I cut her off. “Shut up and listen. Hostage situation. Armed suspect in Kelly’s house. I’m going to try entry through the back. Make it a silent approach. No MPD.” I hung up and flicked the phone to silent. The last thing I needed was Dempsey calling me back to tell me to hold off.

As soon as I returned the phone to my pocket, it vibrated with Dempsey’s name on the screen. The phone was off by the time I made my way to the back porch steps.

The yelling had started again inside. Baldy was a maniac, claiming something was all Kelly’s fault, and she should have left well enough alone.

I concentrated on making it up the stairs silently. Outside the back door, luck was still on my side: the key slipped in and gentle pressure turned the lock. As I cracked open the door, it was clear they wouldn’t be able to see me if I opened it enough to enter.

I drew my weapon.

I could only hope the door didn’t squeak.

* * *

Kelly

Heiden slid aroundto the other side of the room, keeping his distance, apparently worried I might pounce and disarm him somehow.

“Why are you doing this?” I asked when I got my breath back.

“Shut up.
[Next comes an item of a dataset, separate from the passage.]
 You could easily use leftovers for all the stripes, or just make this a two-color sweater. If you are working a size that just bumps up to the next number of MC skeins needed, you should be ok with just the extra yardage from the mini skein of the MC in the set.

All you had to do was follow instructions.”

He made no sense at all. He hadn’t asked me to do anything.

He waved the gun toward the door leading to the front this time. “Move.”

I slid sideways slowly on shaky legs. “What did I not do?”
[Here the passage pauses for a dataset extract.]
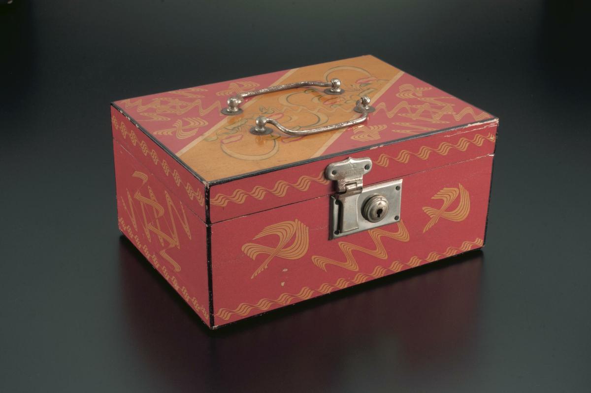 This jewellery box was made in the shape of a durian. It is an example of an array of functional objects such as kettles, gongs, trays and lidded containers that were produced by brass craftsmen in Borneo.

“She’s dead because of you.” When he reached my phone, he smashed it twice with the butt of the ugly gun.

I left the kitchen and started toward the front. “Who?” I asked as softly as I could.

“Mom,” he yelled. “You killed my mom.” He’d slipped into serious delusions.
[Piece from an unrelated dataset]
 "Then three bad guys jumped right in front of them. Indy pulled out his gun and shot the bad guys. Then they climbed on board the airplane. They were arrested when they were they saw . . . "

I’d never even met his mother.

He followed me. “Evelyn did what she was told. She grabbed the rocks and hid them in your purse. All you had to do was carry them out and bring them to the office Monday. Why couldn’t you get that right?”

I didn’t attempt an answer. I was about to die, and I never got to tell Adam how much I loved him—or why I’d done what I had.

* * *

Adam

I slowly opened the door,just far enough to scoot through it. It hadn’t squeaked. Just as gently, I closed it.

Just after I got it shut, a leaf blower started in the neighbor’s yard. If that had started up a few seconds earlier, it could have been bad.

Sliding to the left, I stopped by the fridge.

“Stop right there,” Baldy said loudly from the other room.

I ducked lower.

“If you’d just done what you were supposed to, I’d have had the money for the new treatments, and she’d still be with us.”

None of it made any sense, but a man waving a gun often didn’t.